* _To do_
Pictures aside, return all of the records exactly as they stand.

* _Supplied entries_
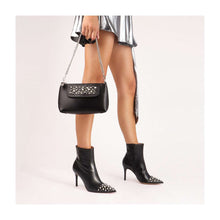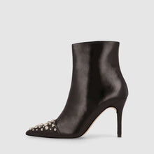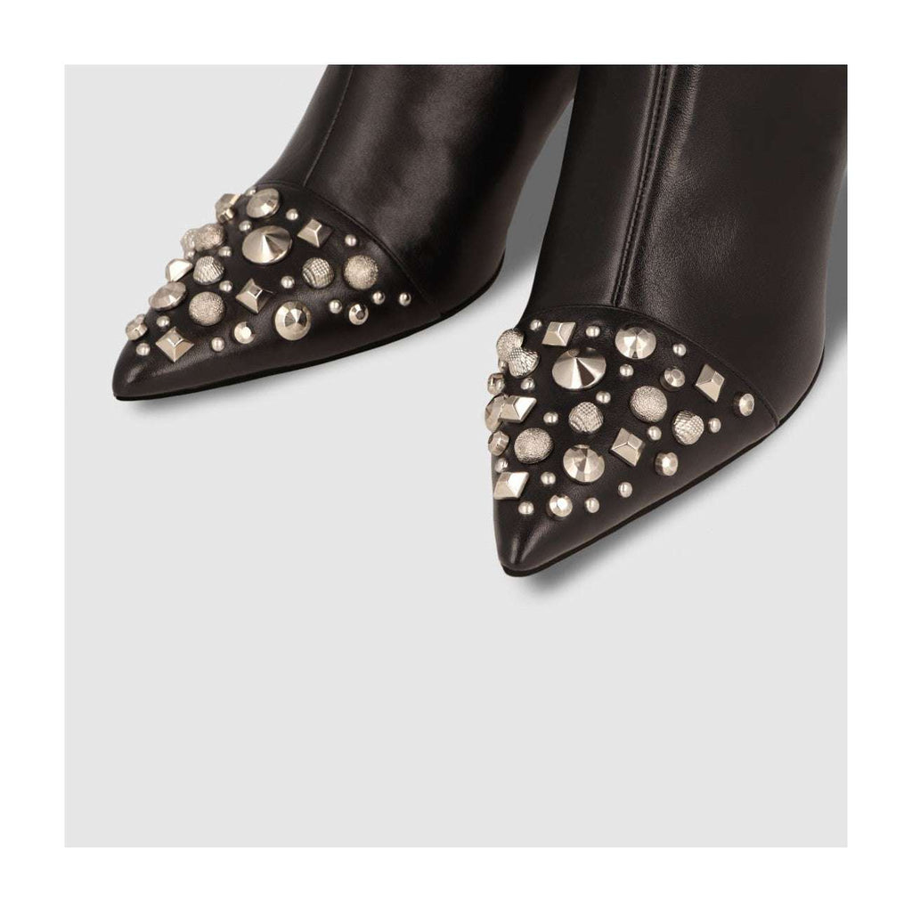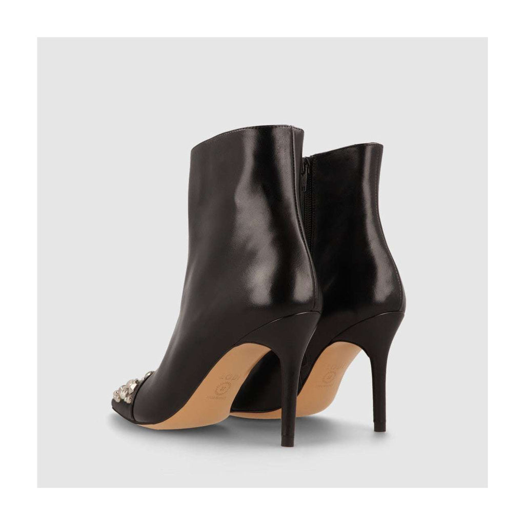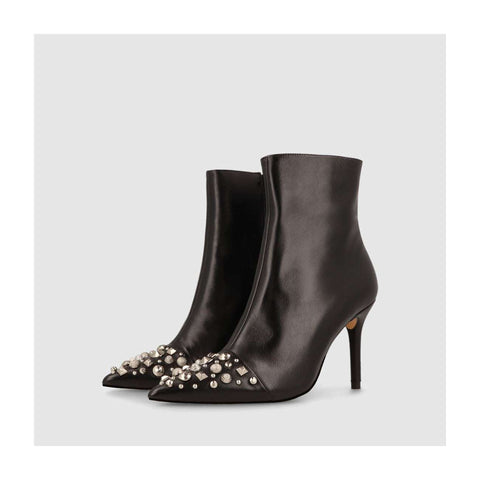 LODI SANDAR women's ankle boots in smooth black leather. The toe detail with silver metal studs stands out. It has a thin heel of 9.5 cm in height. Side zipper. Interior lined with leather. Includes a new gel insole for greater comfort in all your steps. Made in Spain.
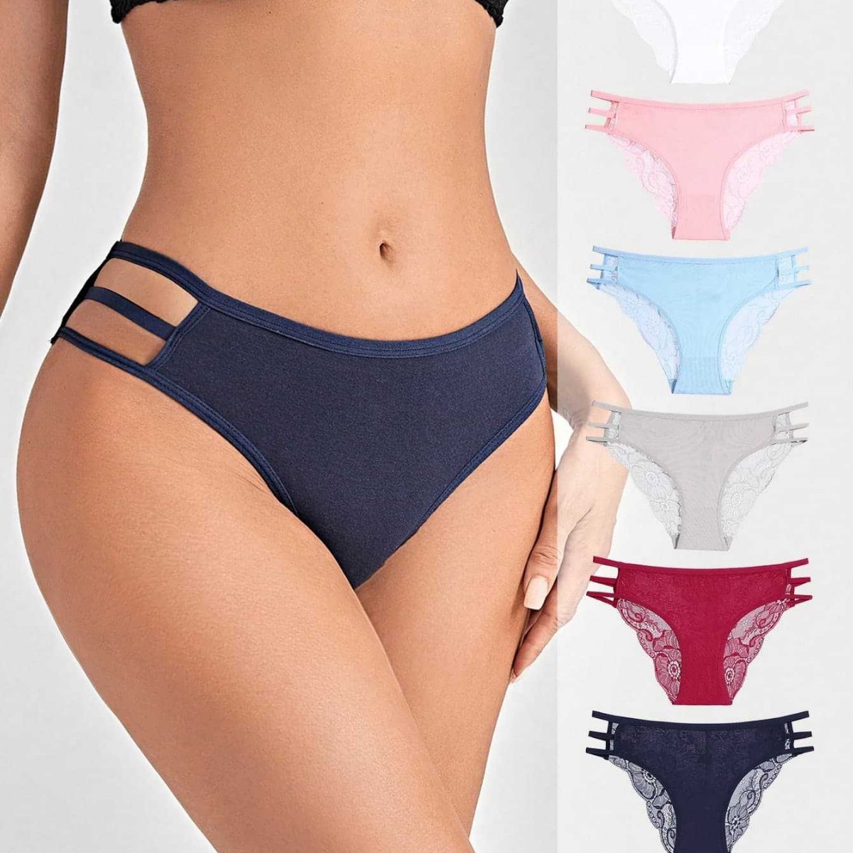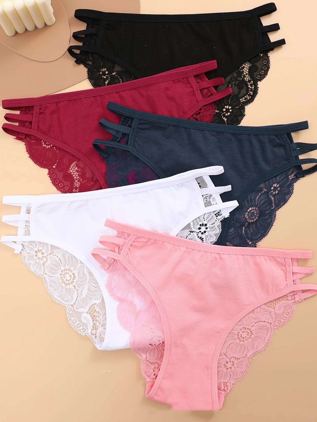 Women's Lace-trimmed Patchwork Thong Bottoms
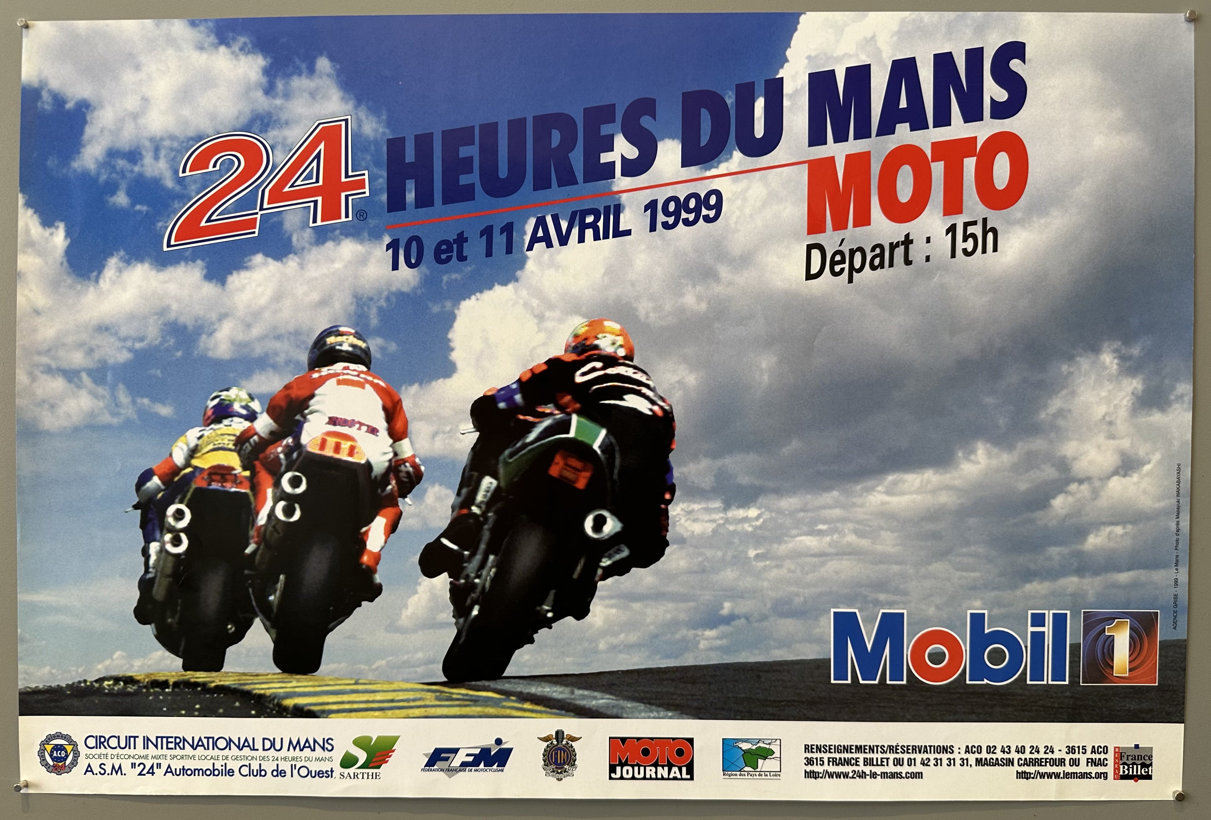 Three motorcycles head over a hill, a blue sky with clouds making up the background. This splashy photo advertises the annual Le Mans series of vehicle races held in western France. Motorcycles are head to head in a vicious race for number one.
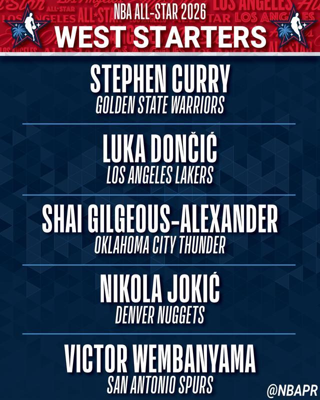 西部:卢卡-东契奇(湖人)、斯蒂芬-库里(勇士)、谢伊-吉尔杰斯-亚历山大(雷霆)、尼古拉-约基奇(掘金)和维克托-文班亚马(马刺)。
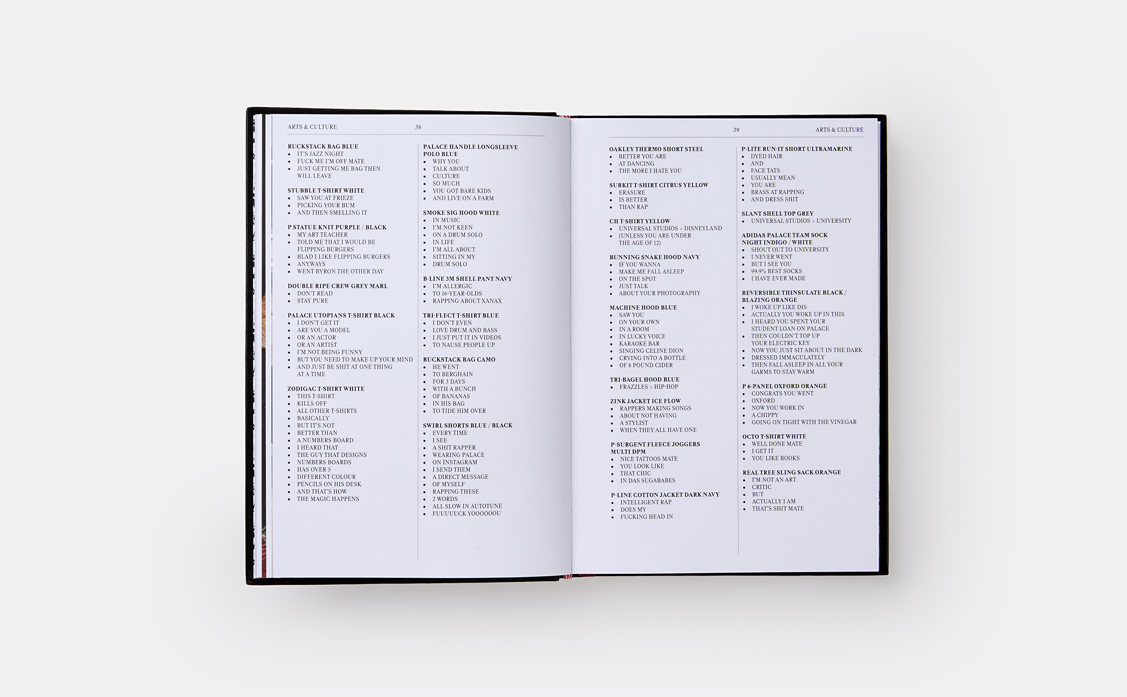 Collected here for the first time and printed as they appear online - a few lines set in all caps, formatted as a series of bullet points – the more than 3,000 descriptions are organised into 22 tongue-in-cheek categories, including Anatomy, Animals, Etiquette, Philanthropy, Romance and Travel. The text is interspersed with shots of highly coveted Palace products and chapter openers feature candid, behind-the-scenes images from Palace's archive.

* _Final answer_
 LODI SANDAR women's ankle boots in smooth black leather. The toe detail with silver metal studs stands out. It has a thin heel of 9.5 cm in height. Side zipper. Interior lined with leather. Includes a new gel insole for greater comfort in all your steps. Made in Spain.
 Women's Lace-trimmed Patchwork Thong Bottoms
 Three motorcycles head over a hill, a blue sky with clouds making up the background. This splashy photo advertises the annual Le Mans series of vehicle races held in western France. Motorcycles are head to head in a vicious race for number one.
 西部:卢卡-东契奇(湖人)、斯蒂芬-库里(勇士)、谢伊-吉尔杰斯-亚历山大(雷霆)、尼古拉-约基奇(掘金)和维克托-文班亚马(马刺)。
 Collected here for the first time and printed as they appear online - a few lines set in all caps, formatted as a series of bullet points – the more than 3,000 descriptions are organised into 22 tongue-in-cheek categories, including Anatomy, Animals, Etiquette, Philanthropy, Romance and Travel. The text is interspersed with shots of highly coveted Palace products and chapter openers feature candid, behind-the-scenes images from Palace's archive.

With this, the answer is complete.